Source information:
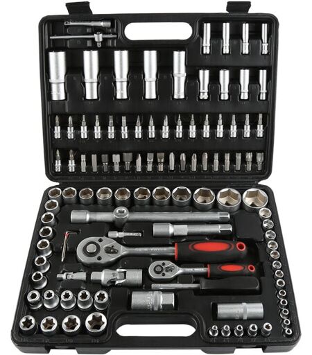 Propriétés: Outil Premium avec 108 pcs. Nouvelle qualité améliorée avec des poignées ergonomiques et un alliage chrome-vanadium de haute qualité! Avec cette vaste boîte à outils, vous êtes prêt pour chaque cas de réparation! Toutes les pièces en acier au chrome vanadium Pour une liste complète des inclus, voir ci-dessous. DOUILLE DR.BIT 18 x 1/4 "": SL4,5,5,6,5 PH1,2 PZ1,2 HEX3,4,5,6, T8,10,15,20,25,27,30 17 x 1/2 ""DR.SOCKETS: 10,11,12,13,14,15,16,17,18,19,20,21,22,24,27,30,32MM 17x BITS (30L): SL8,10,12 T40,45,50,55,60 PH3,4 PZ3,4 HEX7,8,10,12,14 13x 1/4 ""DR.SOCKETS: 4,4,5,5,5,5,6,7,8,9,10,11,12,13,14MM TORX-SOCETS DR. 8 x 1/2 "": E10, E11, E12, E14, E16, E18, E20, E24 8 x 1/4 ""DR. DEEP HEADS: 6,7,8,9,10,11,12,13MM 5 x 1/4 ""DR. PRISES TORX: E4, E5, E6, E7, E8 4 x 1/2 ""DR. JACK DE PROFONDEUR: 14,15,17,19,22MM 3 x clés hexagonales: 1,5,2,2,5MM BARRES D'EXTENSION 2 x 1/4 "": 2"" & 3 "" BARRES D'EXTENSION 2 x 1/2 "": 5"" & 10 "" 2 DOUBLES DE 1/2 ""DR. SPARK: 16MM & 21MM BARRES ...
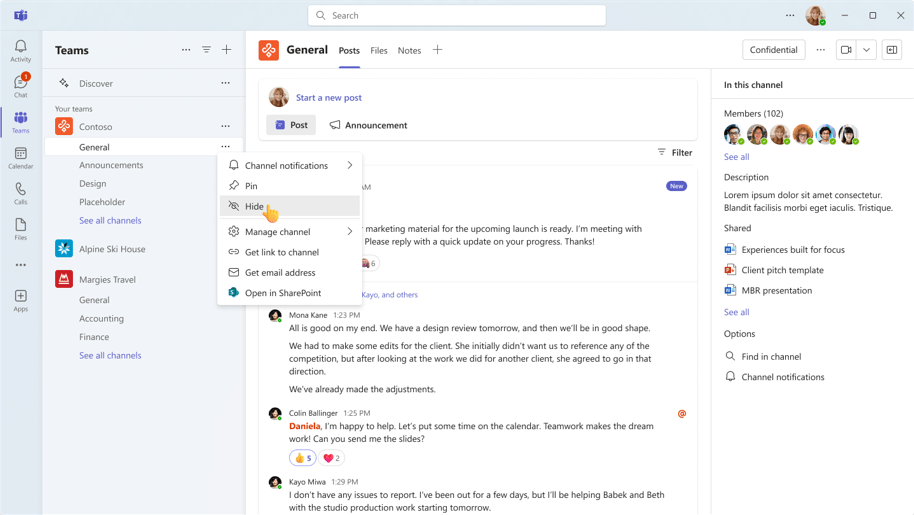 L’une des mises à jour les plus importantes est la possibilité de masquer des canaux spécifiques dans Microsoft Teams. Cette fonctionnalité vous permet de donner la priorité aux discussions les plus pertinentes et de réduire l’encombrement de votre espace de travail. En masquant les canaux qui ne sont pas essentiels à vos tâches actuelles, vous pouvez créer un environnement plus ciblé qui favorise la productivité.
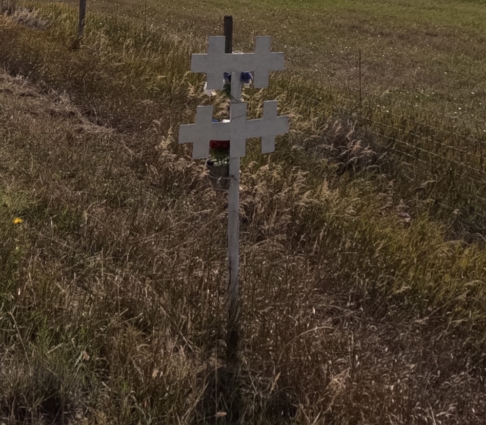 Saw five crosses together at a roadside memorial. You have to feel the pain of those who might have survived the traffic accident there and the victims’ extended family.
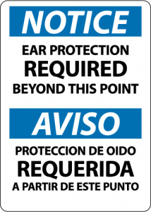 - Header "NOTICE" and Legend "EAR PROTECTION REQUIRED BEYOND THIS POINT"
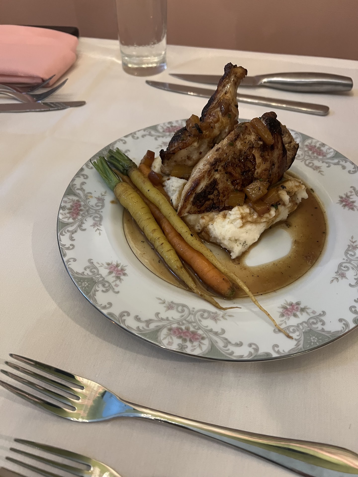 My drink, app, entree and dessert were all so good! Usually I don’t order chicken dishes at restaurants because I am worried it will be dry. THIS CHICKEN DINNER WAS SUPERB. The peach gravy was delicious and the chicken was well seasoned and very juicy. It was placed on top of mashed potatoes and veggies.
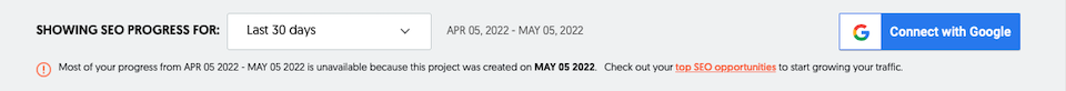 - 继续滚动,您将看到Showing SEO Progress For的下拉菜单,可让您选择日期范围。
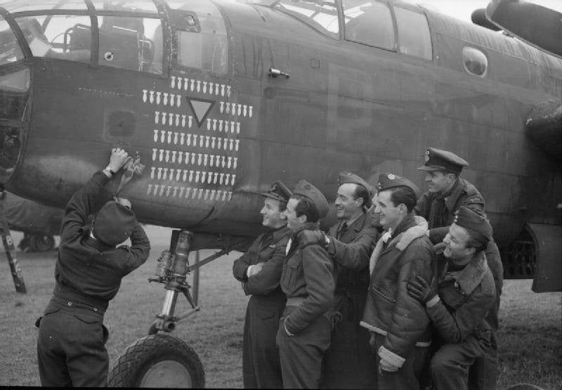 Vliegeniers van het 320 sq bij een Mitchell. Ieder bomteken op het vliegtuig staat voor een uitgevoerde missie.
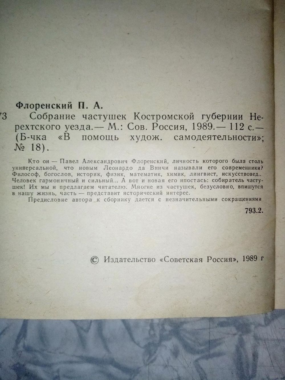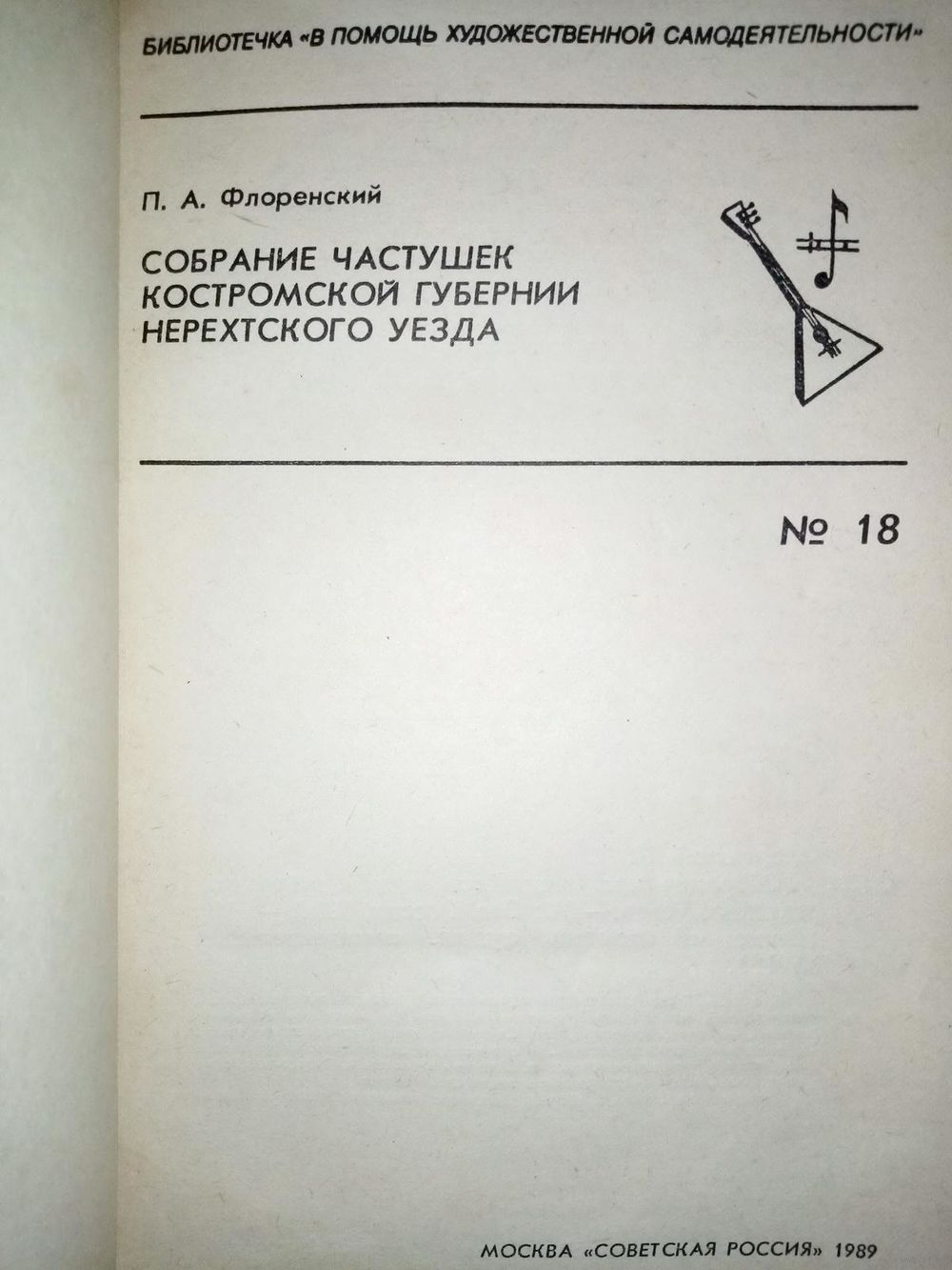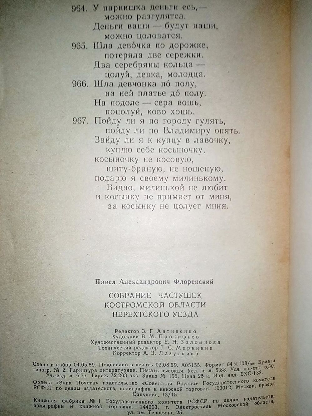 Собрание частушек Костромской губернии Нерехтского уезда. П.А. Флоренский 1989 г
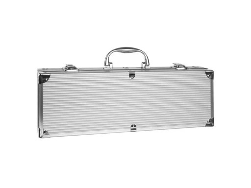 - MOCNA ALUMINIOWA WALIZKA – zestaw grillowy zapakowany jest w bardzo wytrzymałą walizkę, wykonaną z aluminium. Posiada ergonomiczną rączkę, która umożliwia wygodne przenoszenie i transport. Bez problemu możemy zabrać ją do znajomych lub na wyjazd.
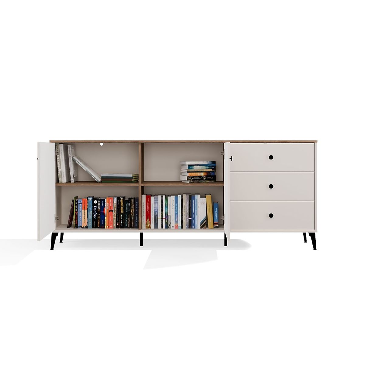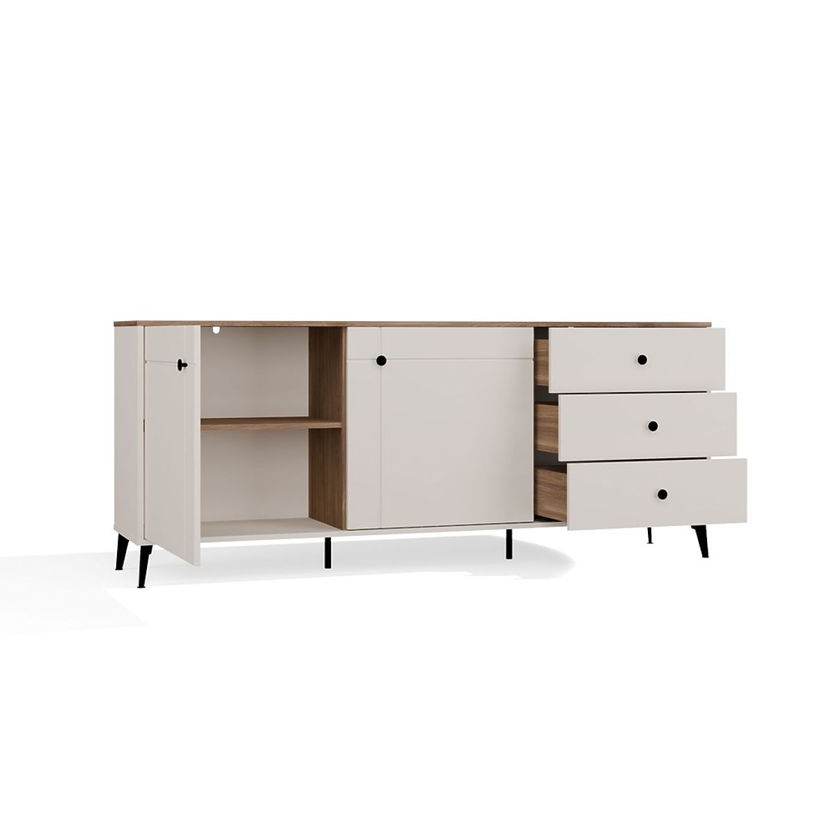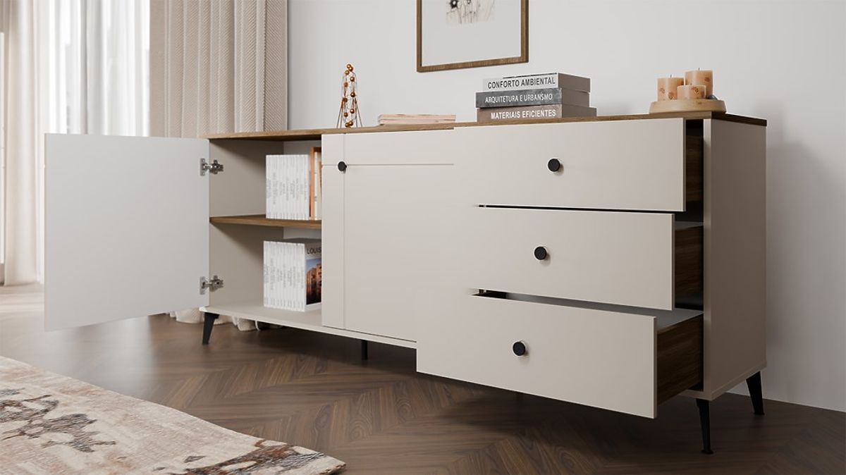 A 2 ajtós és 3 fiókos elrendezés elegendő tárolóhelyet biztosít – mindennapi szükségletekhez és olyan dolgokhoz, amelyeket szem elől szeretnénk tartani.
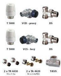 SADA VCDT 1/2"xEK-15x1 PRAVÁ zložená z term. hlavica T5000, term. ventil VCD-PRAVY, spiatočka DS, 2xšrobenie TR4430, T-kus
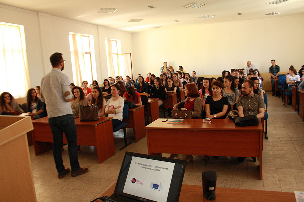On May 8th 2015 in the framework of International Day against Homophobia, Transphobia and Biphobia, PINK Embassy / LGBT Pro Albania held an open lecture at the University of Shkodra, Faculty of Education Sciences.
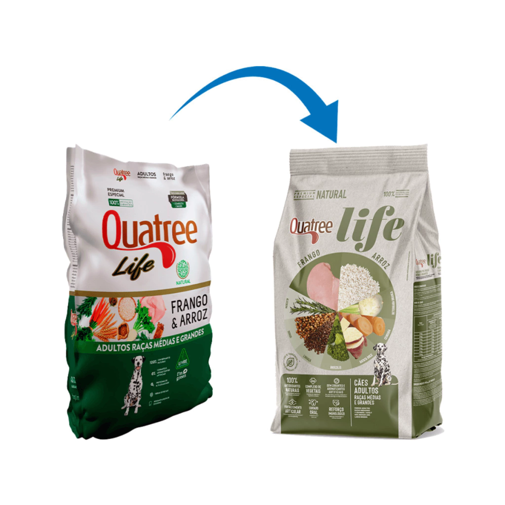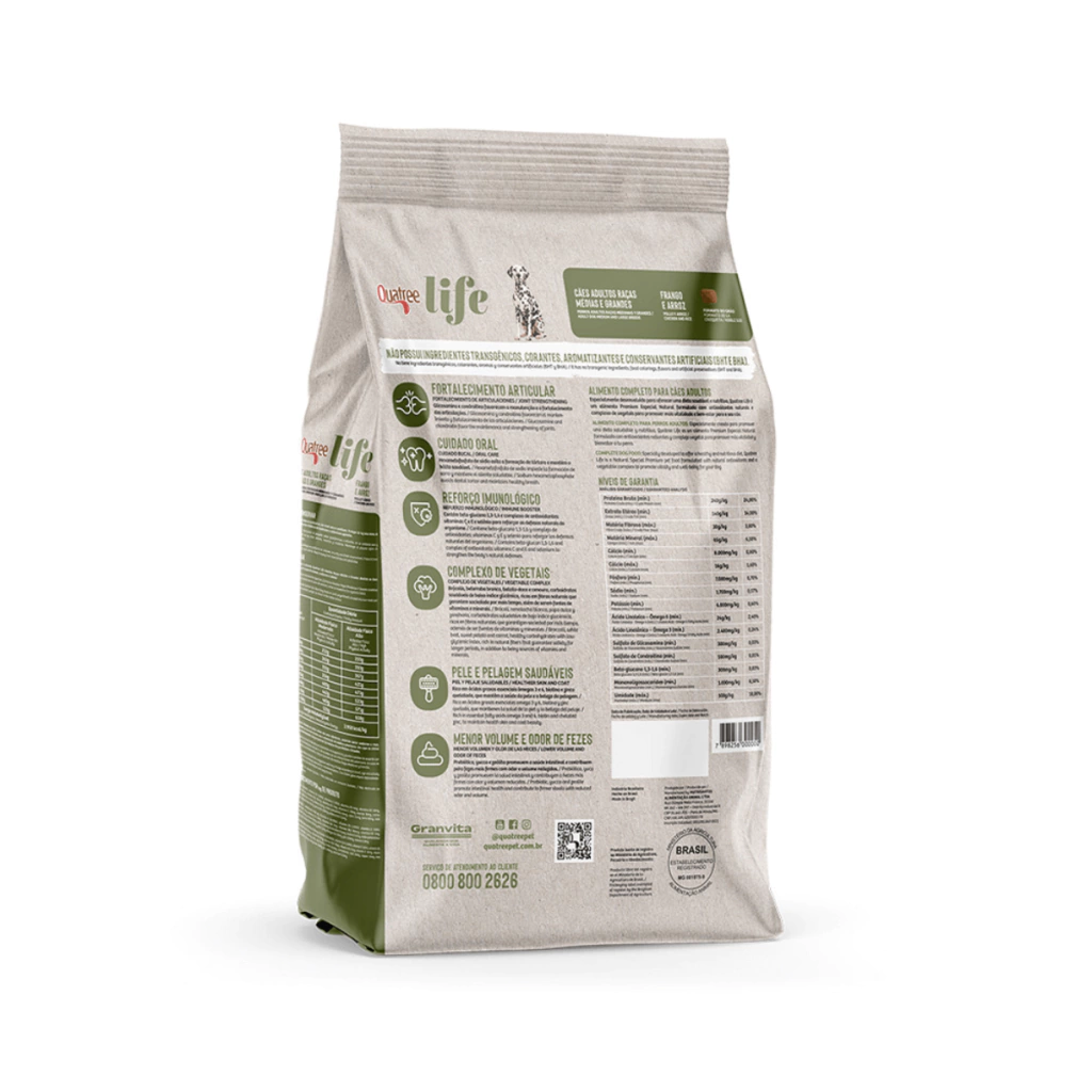 Especialmente desenvolvido para oferecer uma dieta saudável e nutritiva, Ração Seca Quatree Life Frango e Arroz Cães Adultos Raças Médias e Grandes é um alimento Premium Especial Natural formulado com antioxidantes naturais e complexo de vegetais para promover mais vitalidade e bem-estar para o seu cão. Não possui ingredientes transgênicos, corantes, aromatizantes e conservantes artificiais (BHT e BHA).
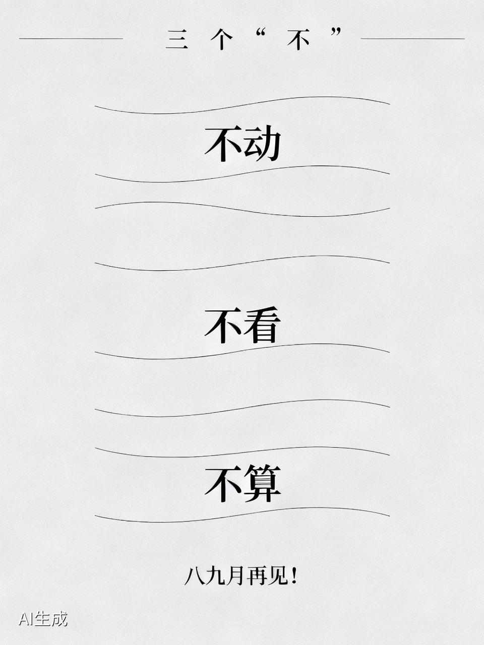 股友们,你的股票涨了吗? 涨了? 恭喜发财! 跌了? 是割?是补? 想不当韭菜怎么办? 就看你能不能与庄家战斗到底? 怎么斗? 三个“不” 不动,不看,不算(计算亏多少) 八九月再见!
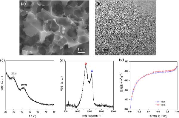 圖1:所制備活性炭的表征結(jié)果:(a)FE-SEM和(b)高分辨率TEM圖像、(c)XRD圖、(d)拉曼光譜和(e)N2吸附/脫附等溫線(xiàn)。
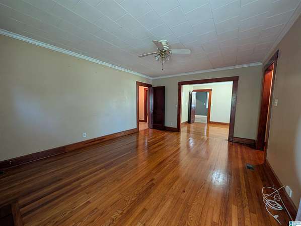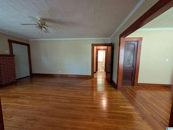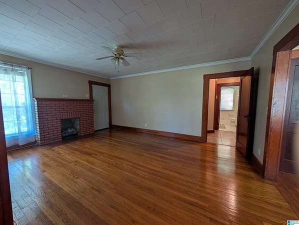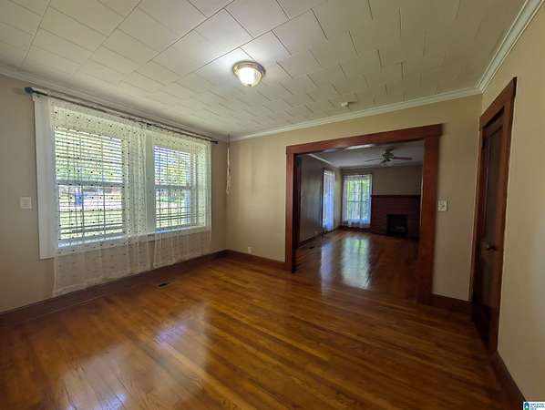 Est $791/moRare Find in Saks! Looking for room to roam without leaving the city? This charming 2 bedroom, 2 bathroom home blends classic character with incredible outdoor potential, featuring gorgeous wood flooring and trim throughout for a warm, timeless feel. The inviting layout includes a formal dining room leading into a cozy living area centered around a traditional brick fireplace.The property also features a functional storage building in the back, perfect for a workshop or lawn equipment. Whether you are looking for room to garden, space for outdoor hobbies, or a peaceful retreat with character-filled interiors, 24 West Glade Road is a must see!

Work instruction:
Please print every record exactly, leaving out the pictures.

Solution for this exercise:
 Propriétés: Outil Premium avec 108 pcs. Nouvelle qualité améliorée avec des poignées ergonomiques et un alliage chrome-vanadium de haute qualité! Avec cette vaste boîte à outils, vous êtes prêt pour chaque cas de réparation! Toutes les pièces en acier au chrome vanadium Pour une liste complète des inclus, voir ci-dessous. DOUILLE DR.BIT 18 x 1/4 "": SL4,5,5,6,5 PH1,2 PZ1,2 HEX3,4,5,6, T8,10,15,20,25,27,30 17 x 1/2 ""DR.SOCKETS: 10,11,12,13,14,15,16,17,18,19,20,21,22,24,27,30,32MM 17x BITS (30L): SL8,10,12 T40,45,50,55,60 PH3,4 PZ3,4 HEX7,8,10,12,14 13x 1/4 ""DR.SOCKETS: 4,4,5,5,5,5,6,7,8,9,10,11,12,13,14MM TORX-SOCETS DR. 8 x 1/2 "": E10, E11, E12, E14, E16, E18, E20, E24 8 x 1/4 ""DR. DEEP HEADS: 6,7,8,9,10,11,12,13MM 5 x 1/4 ""DR. PRISES TORX: E4, E5, E6, E7, E8 4 x 1/2 ""DR. JACK DE PROFONDEUR: 14,15,17,19,22MM 3 x clés hexagonales: 1,5,2,2,5MM BARRES D'EXTENSION 2 x 1/4 "": 2"" & 3 "" BARRES D'EXTENSION 2 x 1/2 "": 5"" & 10 "" 2 DOUBLES DE 1/2 ""DR. SPARK: 16MM & 21MM BARRES ...
 L’une des mises à jour les plus importantes est la possibilité de masquer des canaux spécifiques dans Microsoft Teams. Cette fonctionnalité vous permet de donner la priorité aux discussions les plus pertinentes et de réduire l’encombrement de votre espace de travail. En masquant les canaux qui ne sont pas essentiels à vos tâches actuelles, vous pouvez créer un environnement plus ciblé qui favorise la productivité.
 Saw five crosses together at a roadside memorial. You have to feel the pain of those who might have survived the traffic accident there and the victims’ extended family.
 - Header "NOTICE" and Legend "EAR PROTECTION REQUIRED BEYOND THIS POINT"
 My drink, app, entree and dessert were all so good! Usually I don’t order chicken dishes at restaurants because I am worried it will be dry. THIS CHICKEN DINNER WAS SUPERB. The peach gravy was delicious and the chicken was well seasoned and very juicy. It was placed on top of mashed potatoes and veggies.
 - 继续滚动,您将看到Showing SEO Progress For的下拉菜单,可让您选择日期范围。
 Vliegeniers van het 320 sq bij een Mitchell. Ieder bomteken op het vliegtuig staat voor een uitgevoerde missie.
 Собрание частушек Костромской губернии Нерехтского уезда. П.А. Флоренский 1989 г
 - MOCNA ALUMINIOWA WALIZKA – zestaw grillowy zapakowany jest w bardzo wytrzymałą walizkę, wykonaną z aluminium. Posiada ergonomiczną rączkę, która umożliwia wygodne przenoszenie i transport. Bez problemu możemy zabrać ją do znajomych lub na wyjazd.
 A 2 ajtós és 3 fiókos elrendezés elegendő tárolóhelyet biztosít – mindennapi szükségletekhez és olyan dolgokhoz, amelyeket szem elől szeretnénk tartani.
 SADA VCDT 1/2"xEK-15x1 PRAVÁ zložená z term. hlavica T5000, term. ventil VCD-PRAVY, spiatočka DS, 2xšrobenie TR4430, T-kus
On May 8th 2015 in the framework of International Day against Homophobia, Transphobia and Biphobia, PINK Embassy / LGBT Pro Albania held an open lecture at the University of Shkodra, Faculty of Education Sciences.
 Especialmente desenvolvido para oferecer uma dieta saudável e nutritiva, Ração Seca Quatree Life Frango e Arroz Cães Adultos Raças Médias e Grandes é um alimento Premium Especial Natural formulado com antioxidantes naturais e complexo de vegetais para promover mais vitalidade e bem-estar para o seu cão. Não possui ingredientes transgênicos, corantes, aromatizantes e conservantes artificiais (BHT e BHA).
 股友们,你的股票涨了吗? 涨了? 恭喜发财! 跌了? 是割?是补? 想不当韭菜怎么办? 就看你能不能与庄家战斗到底? 怎么斗? 三个“不” 不动,不看,不算(计算亏多少) 八九月再见!
 圖1:所制備活性炭的表征結(jié)果:(a)FE-SEM和(b)高分辨率TEM圖像、(c)XRD圖、(d)拉曼光譜和(e)N2吸附/脫附等溫線(xiàn)。
 Est $791/moRare Find in Saks! Looking for room to roam without leaving the city? This charming 2 bedroom, 2 bathroom home blends classic character with incredible outdoor potential, featuring gorgeous wood flooring and trim throughout for a warm, timeless feel. The inviting layout includes a formal dining room leading into a cozy living area centered around a traditional brick fireplace.The property also features a functional storage building in the back, perfect for a workshop or lawn equipment. Whether you are looking for room to garden, space for outdoor hobbies, or a peaceful retreat with character-filled interiors, 24 West Glade Road is a must see!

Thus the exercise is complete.